The ecoregion has 322 native species of birds. There are nine near-endemic species, which are also found in the adjacent montane rain forests: the Nilgiri wood pigeon (Columba elphinstonii), Malabar grey hornbill (Ocyceros griseus), grey-headed bulbul (Brachypodius priocephalus), rufous babbler (Argya subrufa), white-bellied treepie (Dendrocitta leucogastra), black-and-rufous flycatcher (Ficedula nigrorufa), Nilgiri flycatcher (Eumyias albicaudata), yellow-throated bulbul (Pycnonotus xantholaemus), and Malabar parakeet (Psittacula columboides).

==Protected areas==
A 2017 assessment found that 6,645 km², or 28%, of the ecoregion was in protected areas. Another 50% is forested but outside protected areas. In 1997, the World Wildlife Fund identified fourteen protected areas in the ecoregion, with a combined area of approximately 4,960 km², that encompassed 21% of the ecoregion's area. The adjacent protected areas of Bandipur, Nagarhole, Mudumalai, and Wyanad are home to India's largest protected population of elephants, with over 2500 individuals.

- Bandipur National Park, Karnataka (1,110 km²)
- Bilgiriranga Swamy Temple Wildlife Sanctuary, Karnataka (370 km², partly in the South Deccan Plateau dry deciduous forests)
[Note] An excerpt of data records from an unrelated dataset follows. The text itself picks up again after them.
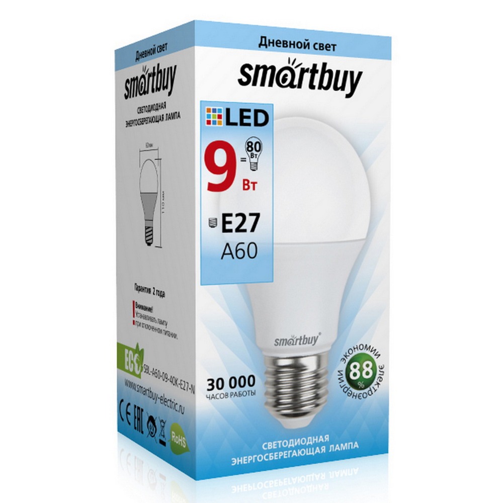 Лампа светодиодная SMARTBUY A60 9Вт 220V 4000K E27 (нейтральный свет) (1/10/100)
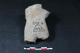 | Description / विवरण | Fragmentary female figurine with prominent breast, broken hands and legs having rough surface. |
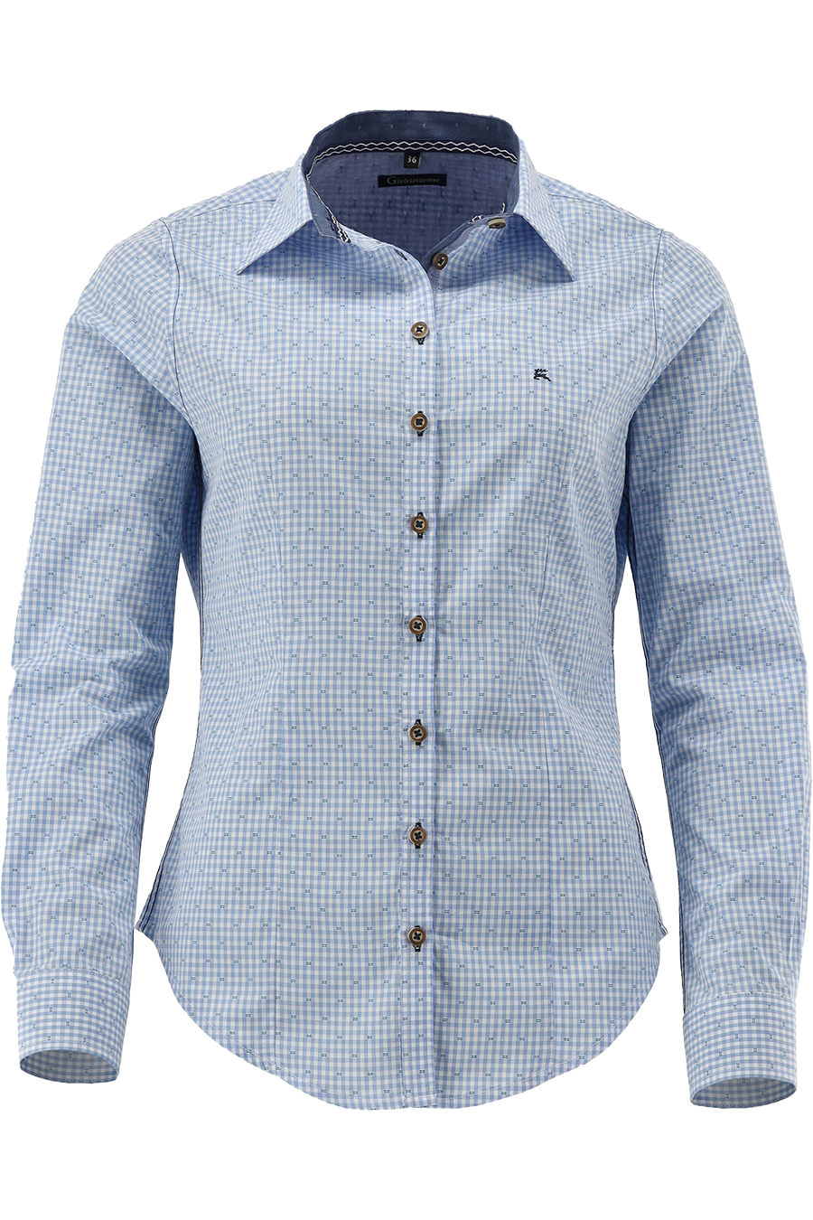 Damen Trachtenbluse kariert mit Hirschstickerei
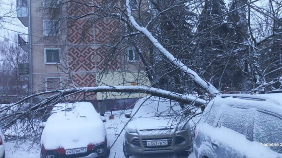 Четырем автомобилям, припаркованным во дворе дома № 41 на улице Ленина в Калуге, потребуется ремонт. Их помяло дерево, не устоявшее под тяжестью снега. К счастью, пострадали только машины. По словам местных жителей, они давно просили спилить это и другие аварийные деревья во дворе но их просьбы игнорировались. По данным Минстроя, всего в Калужской области в выходные упали более 420 деревьев. Они стали причиной многочисленных аварий на линиях электропередачи. Последствия аварий устраняются до сих пор.
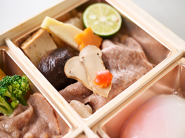 黒毛和牛すき焼三種 ロース 肩ロース 肩・ウデ松茸 丁字麩 長葱 焼南瓜 ブロッコリー
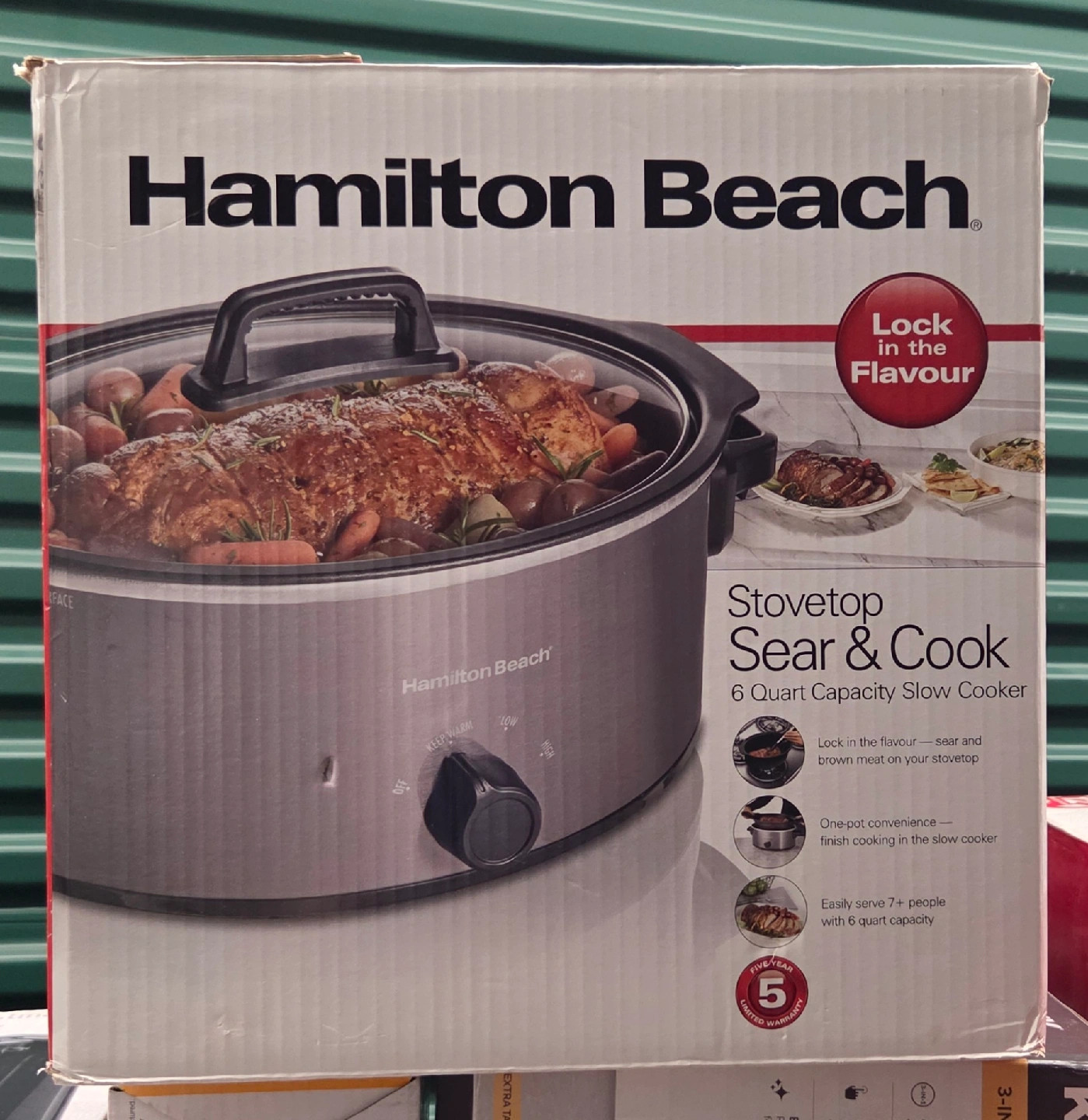 18Selling a Hamilton Beach Stovetop Sear & Cook slow cooker with a 6-quart capacity. It lets you lock in the flavour by searing and browning meat right on your stovetop. It's a one-pot convenience to finish cooking in the slow cooker, and it can easily serve 7+ people

- Chinnar Wildlife Sanctuary, Kerala (50 km²)
- Eravikulam National Park, Kerala (90 km², partly in the South Western Ghats montane rain forests)
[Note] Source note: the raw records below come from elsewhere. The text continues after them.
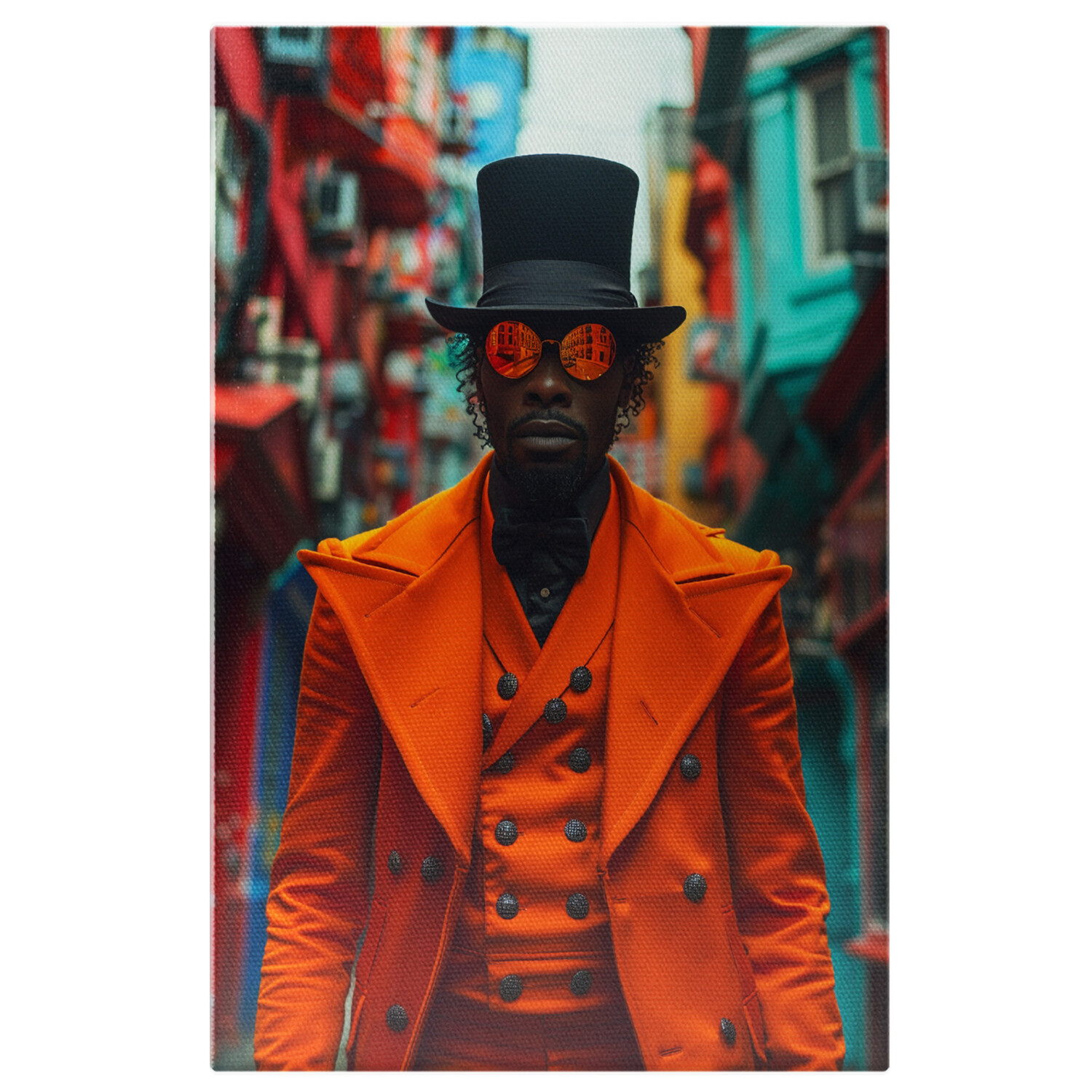 Tablou Canvas Barbat African cu Ochelari si Joben Negru in Costum Portocaliu Fosforescent cu Nasturi Negrii , Pictura Digitala - Tablou Canvas Signature de la StoryGift Romania
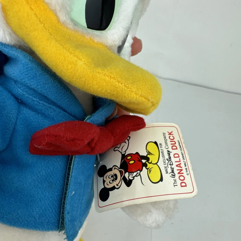 This is a brand new vintage Walt Disney Donald Duck plush toy with tag. The toy was made in Korea, Republic of and features the beloved character from the Disney franchise. It is a collectible item that would make a great addition to any Disneyana collection. The plush toy is contemporary and can be used as a decorative piece or as a toy for children.
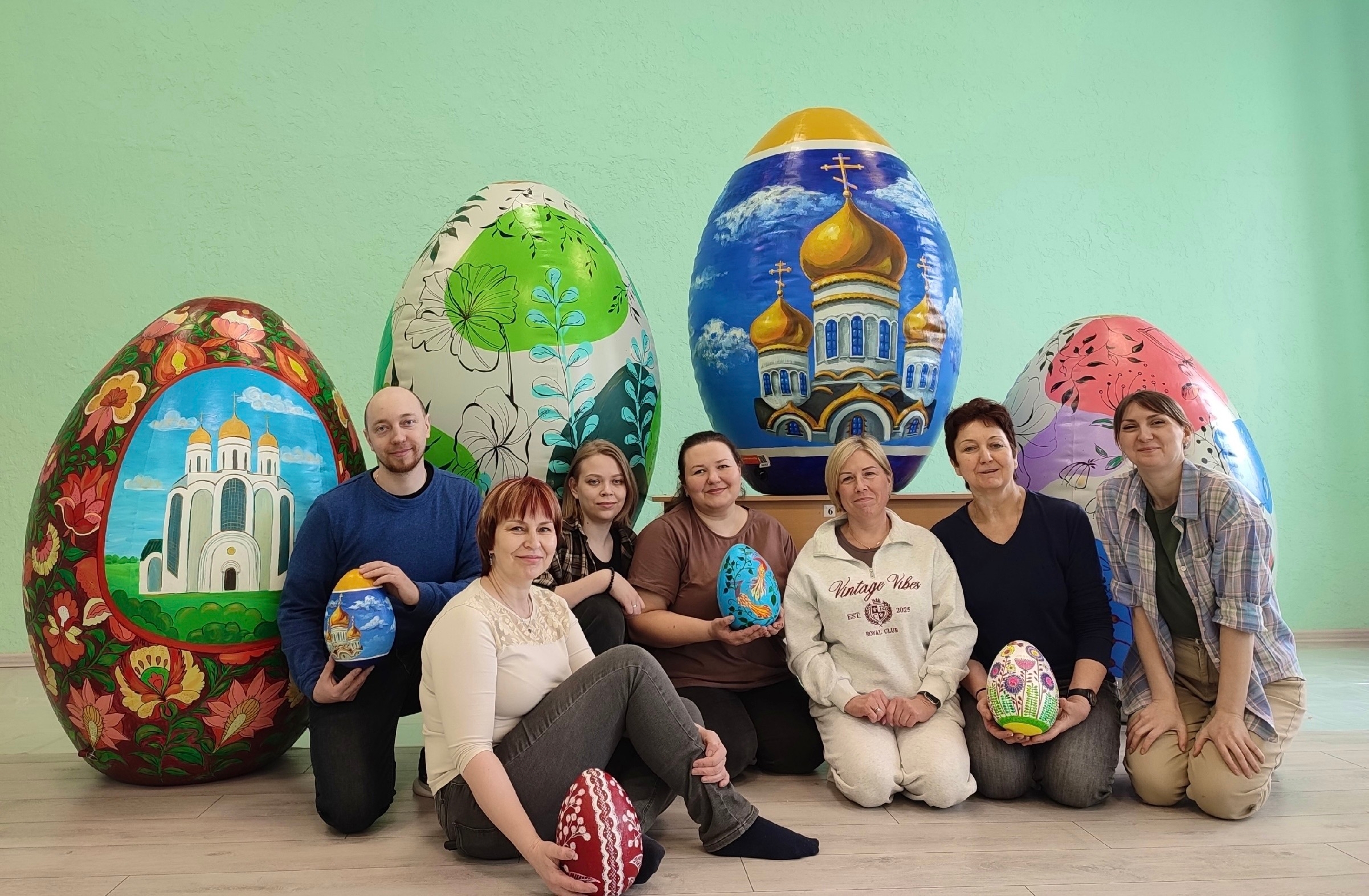 Педагоги художественного отделения Детской школы искусств взялись за необычное дело: в свободное время они расписывали масштабные пасхальные яйца. Эти красочные изделия вскоре появятся на территории Храма преподобного Димитрия Прилуцкого и создадут особую атмосферу торжества.

- Indira Gandhi National Park (Anamalai), Tamil Nadu (620 km² partly in the South Western Ghats montane rain forests)
- Kalakkad Mundanthurai Tiger Reserve, Tamil Nadu (895 km², partly in the South Western Ghats montane rain forests)
- Megamalai Wildlife Sanctuary, Tamil Nadu (310 km², partly in the South Western Ghats montane rain forests)
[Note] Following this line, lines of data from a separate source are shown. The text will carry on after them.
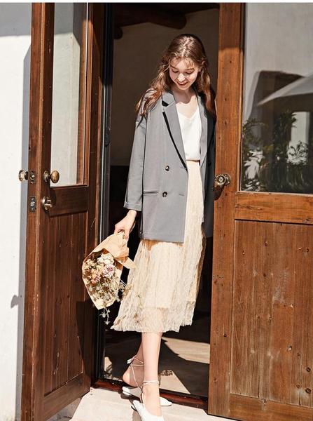 宽松挺括的小西装,不挑身材轻松游走在休闲与帅气风格之间。小西装的干练帅气遇上蕾丝长裙甜美浪漫,两种不同材质之前的相互碰撞,独具特色亮点十足。非常有范的一身搭配,走路都带风太潇洒。
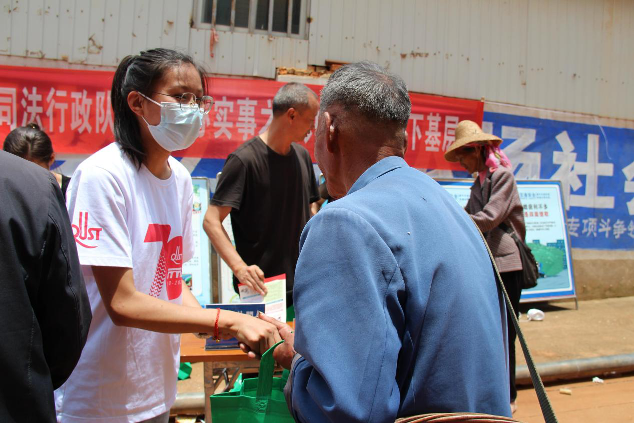8月3日,实践小队前往建水县利民乡,同建水县司法局在利民乡科普法律法规,并利用宣传之便,向村民介绍推广普通话。成员悬挂横幅、旗帜,对村民以及商户分发了调查问卷以及宣传手册。通过这次宣传,成员进一步了解到当地的普通话水平以及村民在普通话学习过程中存在的问题。
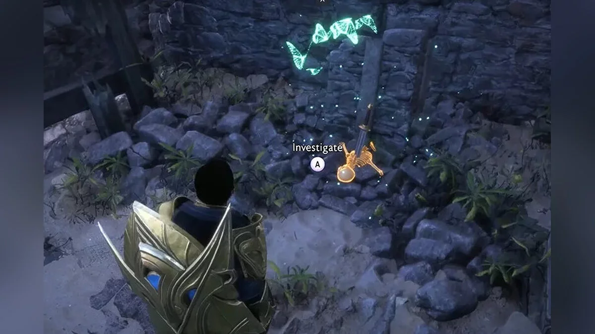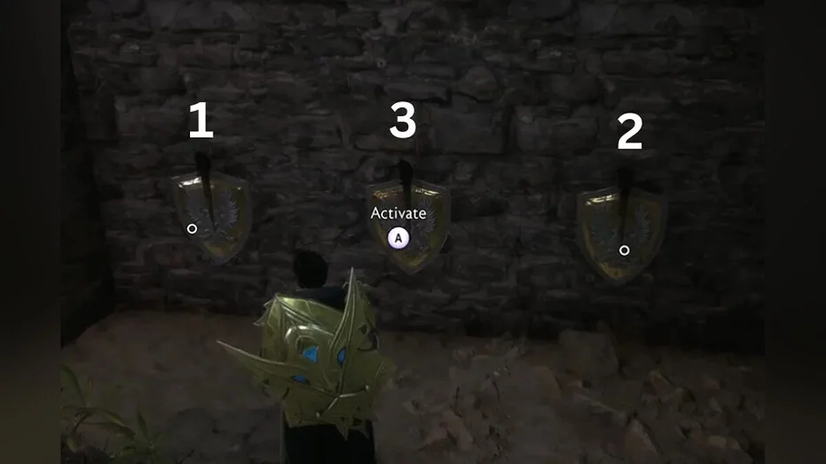 Для початку візьміть першу кімнату як відправну точку і стрибайте в велику кімнату зі статуєю в кінці. Ідіть до статуї, а потім у кімнату праворуч. В кінці шляху знаходиться скелет з застряглим у ньому мечем. Взаємодійте зі скелетом.

- Mudumalai National Park, Tamil Nadu 400 km²)
- Nagarhole National Park, Karnataka (620 km²)
- Neyyar Wildlife Sanctuary, Kerala (128 km²)
- Parambikulam Wildlife Sanctuary, Kerala (285 km²)
- Periyar National Park, Kerala (470 km², partly in the South Western Ghats montane rain forests)
- Peppara Wildlife Sanctuary, Kerala (40 km² partly in the South Western Ghats montane rain forests)
- Wayanad Wildlife Sanctuary, Kerala (430 km²)

In 2000 a portion of The Nilgiris was designated a biosphere reserve under UNESCO's Man and the Biosphere Programme. In 2012 a World Heritage Site was designated in the Western Ghats, covering seven groups of protected areas in the range. Four of those areas - Agasthyamalai, Periyar, Anamalai, and Nilgiri – extend through the ecoregion.